Interesting as Musk noted the new FSD HW was made by Samsung in Austin during the Autonomy day event.


----------



## Rajat Bhatia (Jul 17, 2018)

The chip is made at Samsung Austin, maybe the board comes from there?


----------



## tesla m3 (Mar 28, 2019)

The chip is made in the united states by Samsung, but the rest of it is assembled in China. Think of it like a computer - your CPU is just one component.


----------



## SR22pilot (Aug 16, 2018)

We have waited so long as technology has been exported that a lot of things just can’t be made in the US. It would be very expensive because you would be installing new technology and training workers. You never even make it to the point where wages are a factor.


----------



## GDN (Oct 30, 2017)

SR22pilot said:


> We have waited so long as technology has been exported that a lot of things just can't be made in the US. It would be very expensive because you would be installing new technology and training workers. You never even make it to the point where wages are a factor.

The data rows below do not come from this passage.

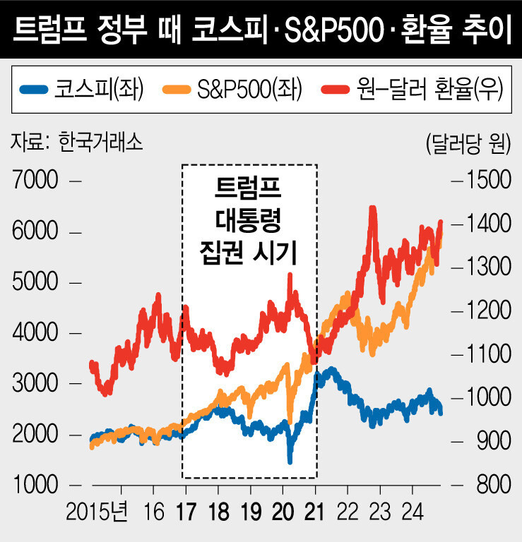 에서는 KOSPI와 S&P 500의 변동 추이를 그래프로 나타내고 있습니다. 이 그래프를 통해 두 지수의 상관관계를 분석하고, 트럼프의 정책이 한국 시장에 미친 영향을 이해할 수 있습니다.
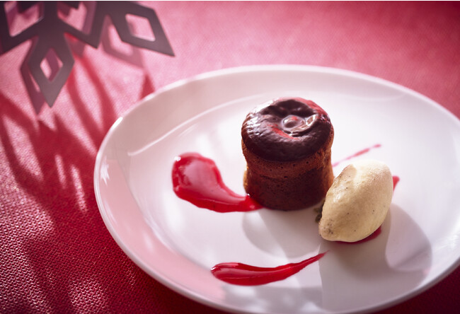 *クリスマススペシャルプレート「アリバ産フォンダンショコラ バニラアイスクリーム&レッドカラントソース」付き
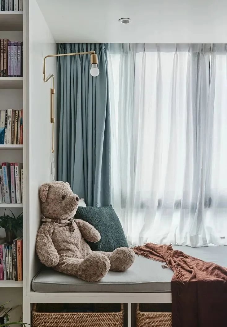 如果卧室位置不够,也不需要大量的收纳,可以从窗户底部入手,因为飘窗的底部也是一个很好的收纳区,放一些小箱子,小柜体也十分合适,不仅可以收纳物品,还可躺可卧,是一个不可多得的休闲角落。
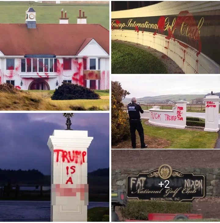 Former U.S. President Donald Trump’s luxury Turnberry estate in Scotland was vandalised overnight, after red paint and graffiti were sprayed across parts of the historic property, prompting a police investigation into what authorities have described as criminal damage.
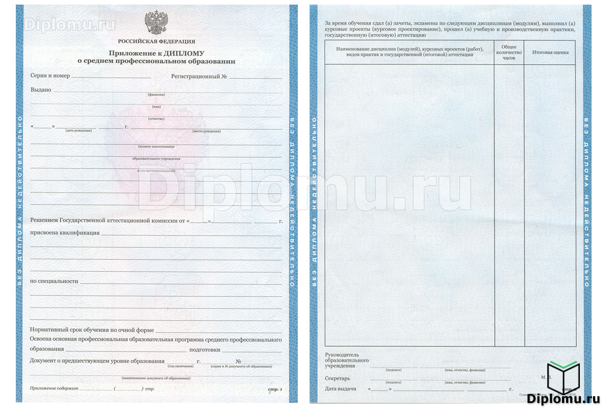 Приложение к диплому ССУЗа 2014-2026 годов при покупке отдельно; |

I'm not arguing that it will be more expensive, but we can sit back and have our asses owned by other countries or we can build it here and pay a little more for it. Some day we will get tough again and quit being owned by the rest of the world. I don't know what the capabilities of the new TI place will be, but they are trying. https://www.cor.net/Home/Components/News/News/4061/73

Some of the the overseas manufacturing may be more about the raw materials, but most of these boards are made in clean rooms by large assembly machines. There isn't that much human labor involved.


----------



## SR22pilot (Aug 16, 2018)

GDN said:


> I'm not arguing that it will be more expensive, but we can sit back and have our asses owned by other countries or we can build it here and pay a little more for it. Some day we will get tough again and quit being owned by the rest of the world. I don't know what the capabilities of the new TI place will be, but they are trying. https://www.cor.net/Home/Components/News/News/4061/73
> 
> Some of the the overseas manufacturing may be more about the raw materials, but most of these boards are made in clean rooms by large assembly machines. There isn't that much human labor involved.

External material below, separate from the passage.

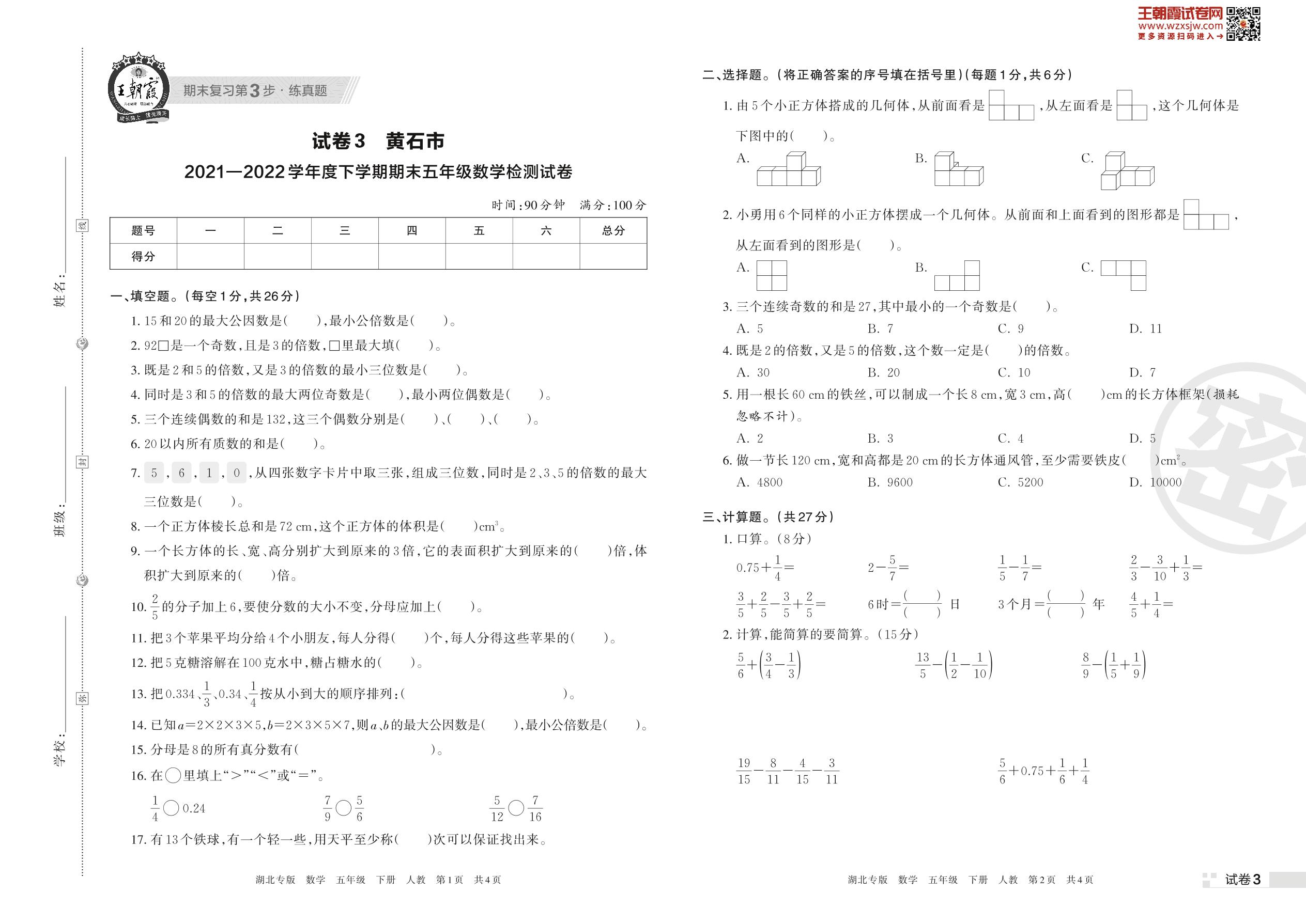 黄石市2021—2022学年度下学期期末五年级数学检测试卷(人教版)【3】

Try actually making a TV here. The panel technology doesn't exist anymore. If you believe what you are saying then force TV's to be made in the US. All current TV's would disappear and we would suffer years of inferior product followed by TV's becoming decent but outrageously expensive. In maybe 10 years you might see something finally competitive on the world stage.

Instead, we can start by keeping technology here. Instead of fighting against Tesla, the government should be supporting a company that, at the moment, has a lead over the foreign competition. However, based on past history, EV's will be another area where we throw away a lead because we are short sighted.


----------